Activity —
Set down the whole listing below exactly. The pictures stay out.

(Data section Opens)

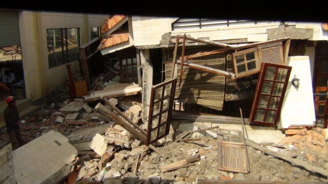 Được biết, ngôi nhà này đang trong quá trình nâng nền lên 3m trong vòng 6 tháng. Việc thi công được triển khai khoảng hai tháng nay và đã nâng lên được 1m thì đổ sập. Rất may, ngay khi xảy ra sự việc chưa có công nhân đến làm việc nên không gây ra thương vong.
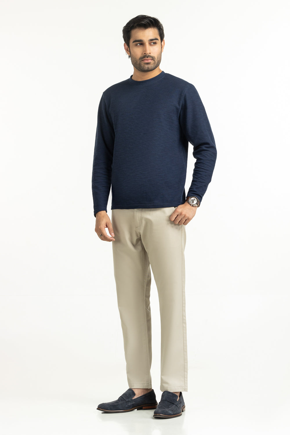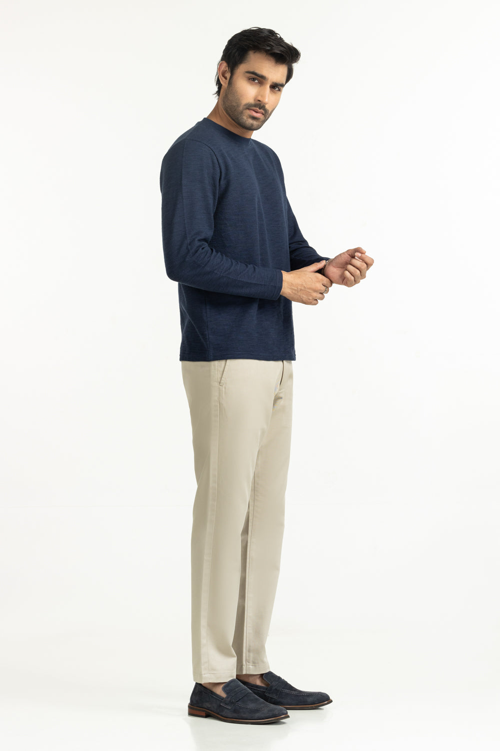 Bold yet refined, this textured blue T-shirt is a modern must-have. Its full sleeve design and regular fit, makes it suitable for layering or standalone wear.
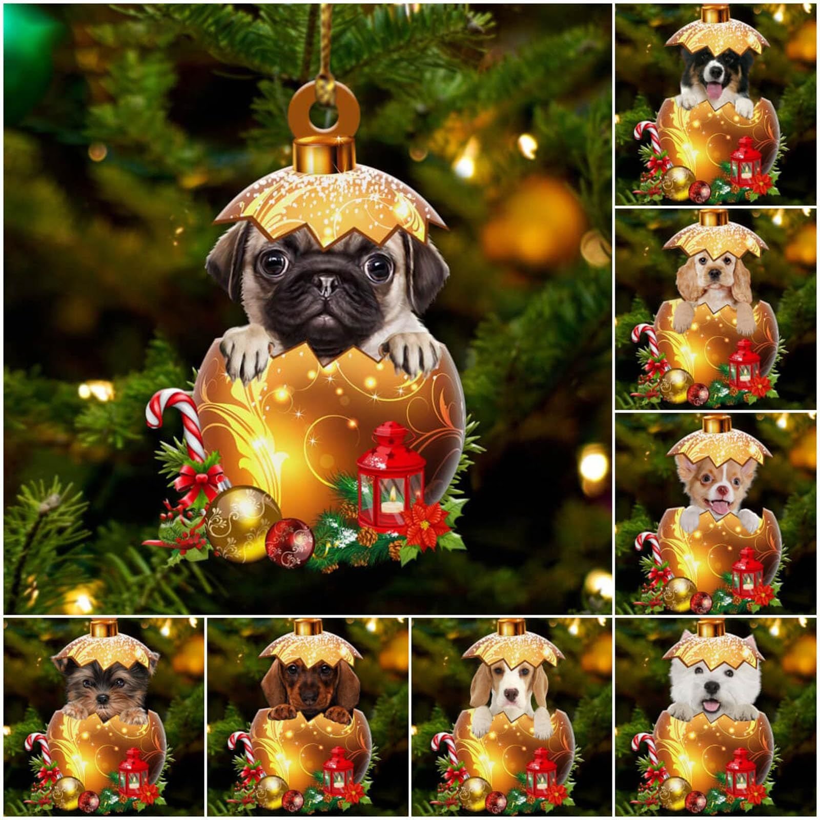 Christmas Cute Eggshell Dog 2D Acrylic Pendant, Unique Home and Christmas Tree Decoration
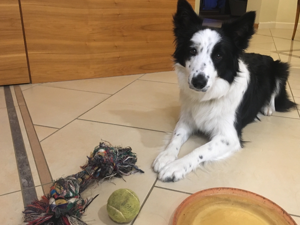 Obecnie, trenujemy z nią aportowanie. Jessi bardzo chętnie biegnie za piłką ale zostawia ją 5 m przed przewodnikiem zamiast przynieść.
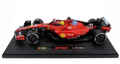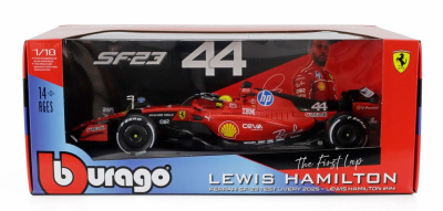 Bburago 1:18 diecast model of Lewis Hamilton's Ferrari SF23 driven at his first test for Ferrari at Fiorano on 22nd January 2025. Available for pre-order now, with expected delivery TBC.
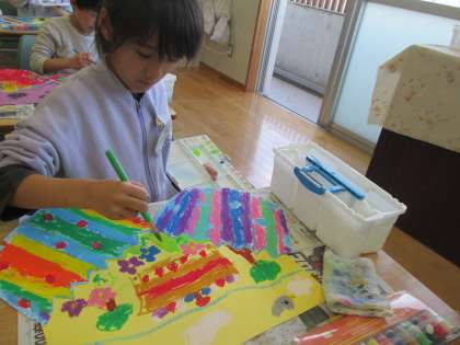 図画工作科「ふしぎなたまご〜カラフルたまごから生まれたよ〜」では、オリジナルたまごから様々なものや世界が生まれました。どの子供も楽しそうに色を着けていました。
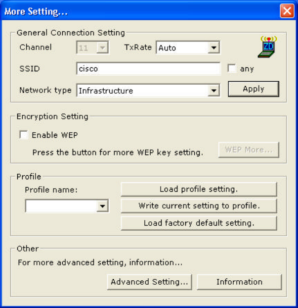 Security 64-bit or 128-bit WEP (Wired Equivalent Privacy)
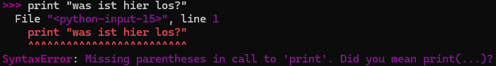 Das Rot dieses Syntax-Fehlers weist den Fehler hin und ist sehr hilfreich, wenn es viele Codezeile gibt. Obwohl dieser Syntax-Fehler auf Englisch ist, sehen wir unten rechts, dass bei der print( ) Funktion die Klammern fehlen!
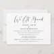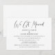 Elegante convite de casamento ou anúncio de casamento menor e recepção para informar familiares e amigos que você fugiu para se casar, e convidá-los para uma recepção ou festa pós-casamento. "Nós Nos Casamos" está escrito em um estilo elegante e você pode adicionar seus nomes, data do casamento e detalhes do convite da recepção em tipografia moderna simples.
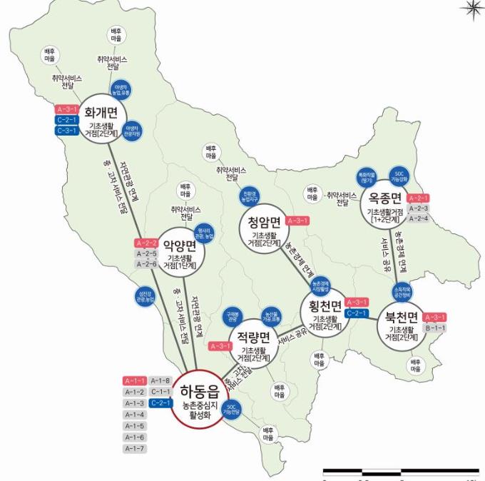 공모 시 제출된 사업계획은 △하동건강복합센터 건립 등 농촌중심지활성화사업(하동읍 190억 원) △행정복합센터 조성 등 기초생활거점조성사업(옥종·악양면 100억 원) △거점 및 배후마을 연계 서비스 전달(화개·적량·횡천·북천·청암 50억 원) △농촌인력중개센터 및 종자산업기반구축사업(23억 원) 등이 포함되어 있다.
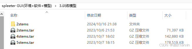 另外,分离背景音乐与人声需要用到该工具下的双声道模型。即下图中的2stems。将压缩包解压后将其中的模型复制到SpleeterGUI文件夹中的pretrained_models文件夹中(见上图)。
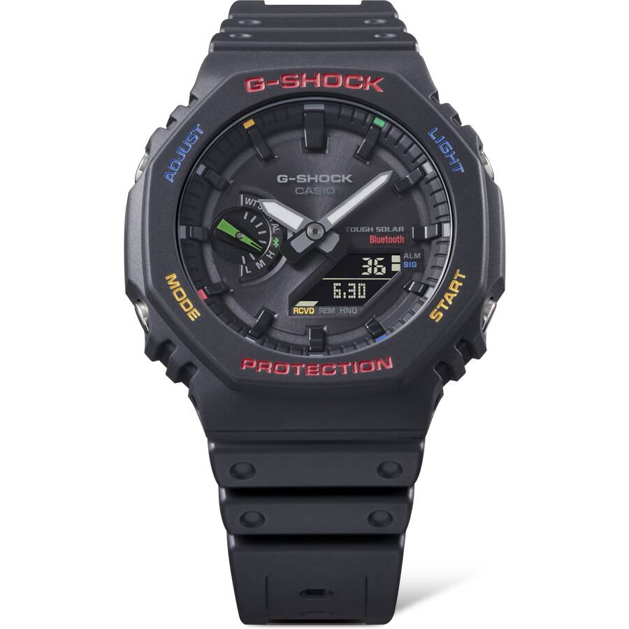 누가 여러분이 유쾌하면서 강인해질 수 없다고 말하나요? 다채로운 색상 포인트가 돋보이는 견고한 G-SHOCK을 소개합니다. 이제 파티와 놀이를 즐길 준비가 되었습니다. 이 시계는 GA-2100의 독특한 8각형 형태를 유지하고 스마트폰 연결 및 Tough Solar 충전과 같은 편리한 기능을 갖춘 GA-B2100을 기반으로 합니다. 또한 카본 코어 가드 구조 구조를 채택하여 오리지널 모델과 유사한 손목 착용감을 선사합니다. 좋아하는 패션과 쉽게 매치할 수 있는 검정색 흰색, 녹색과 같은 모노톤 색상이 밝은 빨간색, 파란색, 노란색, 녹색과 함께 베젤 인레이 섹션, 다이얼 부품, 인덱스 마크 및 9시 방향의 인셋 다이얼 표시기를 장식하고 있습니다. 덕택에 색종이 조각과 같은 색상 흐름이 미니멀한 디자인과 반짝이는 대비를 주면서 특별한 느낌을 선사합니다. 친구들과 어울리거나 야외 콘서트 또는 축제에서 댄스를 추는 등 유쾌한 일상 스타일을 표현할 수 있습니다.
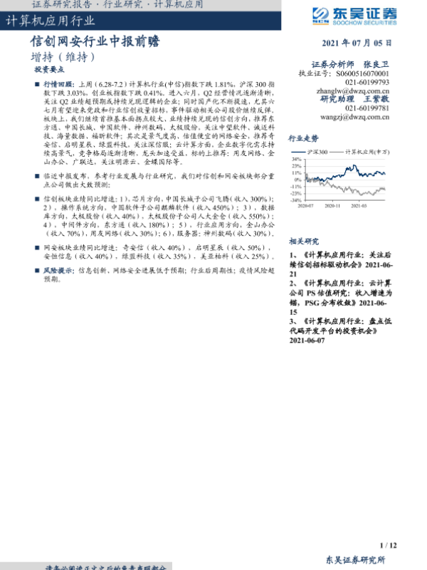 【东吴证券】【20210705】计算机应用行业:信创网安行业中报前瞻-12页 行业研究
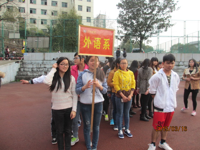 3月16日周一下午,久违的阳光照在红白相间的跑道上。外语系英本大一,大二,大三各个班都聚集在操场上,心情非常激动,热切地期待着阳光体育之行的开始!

(Data section Closes)

Exercise answer —
 Được biết, ngôi nhà này đang trong quá trình nâng nền lên 3m trong vòng 6 tháng. Việc thi công được triển khai khoảng hai tháng nay và đã nâng lên được 1m thì đổ sập. Rất may, ngay khi xảy ra sự việc chưa có công nhân đến làm việc nên không gây ra thương vong.
 Bold yet refined, this textured blue T-shirt is a modern must-have. Its full sleeve design and regular fit, makes it suitable for layering or standalone wear.
 Christmas Cute Eggshell Dog 2D Acrylic Pendant, Unique Home and Christmas Tree Decoration
 Obecnie, trenujemy z nią aportowanie. Jessi bardzo chętnie biegnie za piłką ale zostawia ją 5 m przed przewodnikiem zamiast przynieść.
 Bburago 1:18 diecast model of Lewis Hamilton's Ferrari SF23 driven at his first test for Ferrari at Fiorano on 22nd January 2025. Available for pre-order now, with expected delivery TBC.
 図画工作科「ふしぎなたまご〜カラフルたまごから生まれたよ〜」では、オリジナルたまごから様々なものや世界が生まれました。どの子供も楽しそうに色を着けていました。
 Security 64-bit or 128-bit WEP (Wired Equivalent Privacy)
 Das Rot dieses Syntax-Fehlers weist den Fehler hin und ist sehr hilfreich, wenn es viele Codezeile gibt. Obwohl dieser Syntax-Fehler auf Englisch ist, sehen wir unten rechts, dass bei der print( ) Funktion die Klammern fehlen!
 Elegante convite de casamento ou anúncio de casamento menor e recepção para informar familiares e amigos que você fugiu para se casar, e convidá-los para uma recepção ou festa pós-casamento. "Nós Nos Casamos" está escrito em um estilo elegante e você pode adicionar seus nomes, data do casamento e detalhes do convite da recepção em tipografia moderna simples.
 공모 시 제출된 사업계획은 △하동건강복합센터 건립 등 농촌중심지활성화사업(하동읍 190억 원) △행정복합센터 조성 등 기초생활거점조성사업(옥종·악양면 100억 원) △거점 및 배후마을 연계 서비스 전달(화개·적량·횡천·북천·청암 50억 원) △농촌인력중개센터 및 종자산업기반구축사업(23억 원) 등이 포함되어 있다.
 另外,分离背景音乐与人声需要用到该工具下的双声道模型。即下图中的2stems。将压缩包解压后将其中的模型复制到SpleeterGUI文件夹中的pretrained_models文件夹中(见上图)。
 누가 여러분이 유쾌하면서 강인해질 수 없다고 말하나요? 다채로운 색상 포인트가 돋보이는 견고한 G-SHOCK을 소개합니다. 이제 파티와 놀이를 즐길 준비가 되었습니다. 이 시계는 GA-2100의 독특한 8각형 형태를 유지하고 스마트폰 연결 및 Tough Solar 충전과 같은 편리한 기능을 갖춘 GA-B2100을 기반으로 합니다. 또한 카본 코어 가드 구조 구조를 채택하여 오리지널 모델과 유사한 손목 착용감을 선사합니다. 좋아하는 패션과 쉽게 매치할 수 있는 검정색 흰색, 녹색과 같은 모노톤 색상이 밝은 빨간색, 파란색, 노란색, 녹색과 함께 베젤 인레이 섹션, 다이얼 부품, 인덱스 마크 및 9시 방향의 인셋 다이얼 표시기를 장식하고 있습니다. 덕택에 색종이 조각과 같은 색상 흐름이 미니멀한 디자인과 반짝이는 대비를 주면서 특별한 느낌을 선사합니다. 친구들과 어울리거나 야외 콘서트 또는 축제에서 댄스를 추는 등 유쾌한 일상 스타일을 표현할 수 있습니다.
 【东吴证券】【20210705】计算机应用行业:信创网安行业中报前瞻-12页 行业研究
 3月16日周一下午,久违的阳光照在红白相间的跑道上。外语系英本大一,大二,大三各个班都聚集在操场上,心情非常激动,热切地期待着阳光体育之行的开始!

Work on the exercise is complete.